「ナターシャの家路」ブラック・ウィドウ しゅうへいさんの映画レビュー(感想・評価)
ナターシャの家路
マーベル・シネマティック・ユニバース第24作。
Disney+ プレミア アクセスで鑑賞。
コミックは未読です。
幾度もの延期を経て、遂に公開! 「アベンジャーズ/エンドゲーム」で唯一残された謎―ブラック・ウィドウ/ナターシャ・ロマノフが下した決断の裏に隠された真意が明かされる…との触れ込みにずっと楽しみにしていました。ですが今回は残念ながら映画館に行くのを控え、配信で観ることにしました。
今までの作品とは一線を画し、本格的なスパイ・アクション映画になっていました。宇宙人などの超常的な敵が登場せず、現実感のある作風は久しぶりで、逆に新鮮に感じました(笑)
これまで断片的にしか語られて来なかったナターシャのルーツが描かれていました。暗殺者として生きたかつての自分と、ヒーローとしての今の自分…拭い去れない過去と贖罪のために活動している現在の間で揺れる彼女の心の動きを、スカーレット・ヨハンソンが繊細な演技で表現していました。時系列的に「シビル・ウォー/キャプテン・アメリカ」の直後なのが、その描写をより切なくしているように思いました。
そして、"家族"の存在。彼女の戦いは、いつでも家族を求める戦いであった気がします。常からアベンジャーズを家族であると言っていたナターシャには、実はもうひとつの家族があった…。任務のための疑似家族だから血の繋がりは無く、21年ぶりの再会でしたが、そこには確かな絆がありました。想いの吐露を経て団結し、敵に立ち向かう展開が胸アツでした。

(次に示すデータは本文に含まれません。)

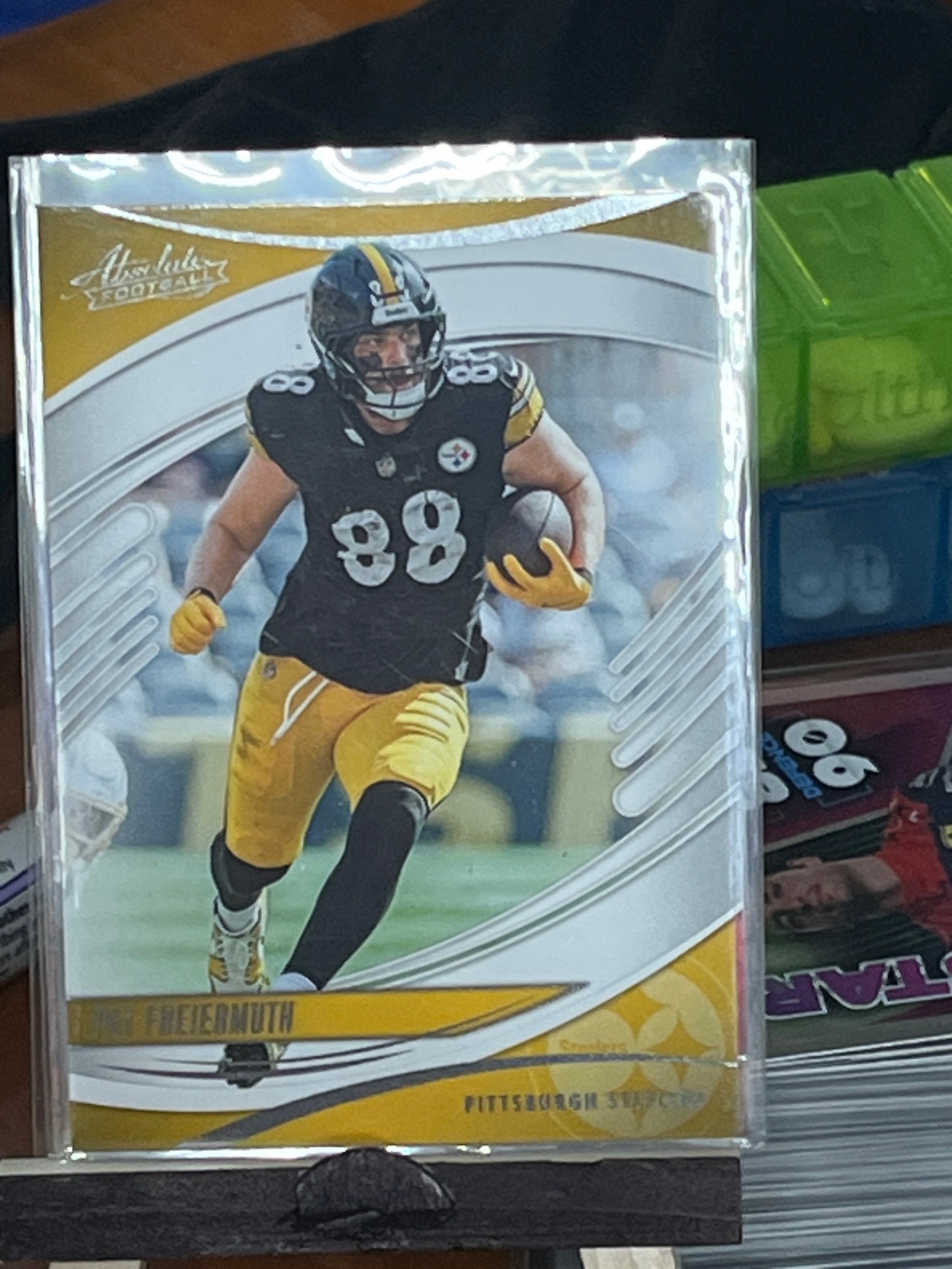 This is a 2021 Panini Absolute Football trading card featuring Pat Freiermuth, tight end for the Pittsburgh Steelers. The card depicts Freiermuth in an action pose, carrying a football and wearing his black and yellow Steelers home uniform with jersey number 88. This specific edition is a gold-foiled parallel version, identified by the metallic gold decorative borders at the top and bottom of the card face. The 'Absolute Football' brand logo is situated in the upper-left corner. The player's name, 'Pat Freiermuth,' and the team name, 'Pittsburgh Steelers,' are printed on a gold banner near the bottom. The card appears to be standard 2.5 x 3.5 inches, constructed from thick premium cardstock with a glossy finish. It is currently housed in a protective clear plastic penny sleeve and top-loader, which has some surface glare. The centering appears slightly heavy toward the left margin. The corners, as seen through the sleeve, appear sharp, and there are no obvious surface scratches or creases visible based on the high-gloss reflection. This card dates to 2021, marking Freiermuth's rookie season in the NFL.

"レッドルーム"の首領ドレイコフを殴り倒し、洗脳されていた"ウィドウ"たちを開放したシーンは、男性優位と云う旧弊的価値観の打破を比喩的に表現しているのかなと思いました。
さらに、己の弱さを受け入れて強さへと見事昇華させ、進むべき道を手に入れたナターシャ・ロマノフの姿に、これからの社会を生きる逞しい女性像を垣間見た気がしました。
結局のところ、「エンドゲーム」での決断に繋がるものは、直接は描かれていませんでした。なので以下の文は、本作の出来事を踏まえた上で、これまでのナターシャの活躍を振り返って、私が勝手に類推したものとなります。
"家族"のために…。それだけが彼女の行動理由だったのかもしれません。あの決断の裏には"家族"を取り戻したい、自分の手で守りたいと云う想いがあったのだと想像しました。
"指パッチン"でエレーナたちも消えていたのかも…。
敗北の傷を抱えながらも、逆転の可能性に全てをかけ、自分を犠牲にしてクリント・バートンを生き残らせ、アベンジャーズと云う"家族"を信じて後を託したのだと思いました。
[余談]
「ファルコン&ウィンター・ソルジャー」にも登場した謎の女が本作にも登場していました(本来は公開順が逆だったので本作が初登場となるはずだった)。
アベンジャーズを引っ掻き回そうとしているように思えますが、彼女の目的と正体とは? 非常に気になります!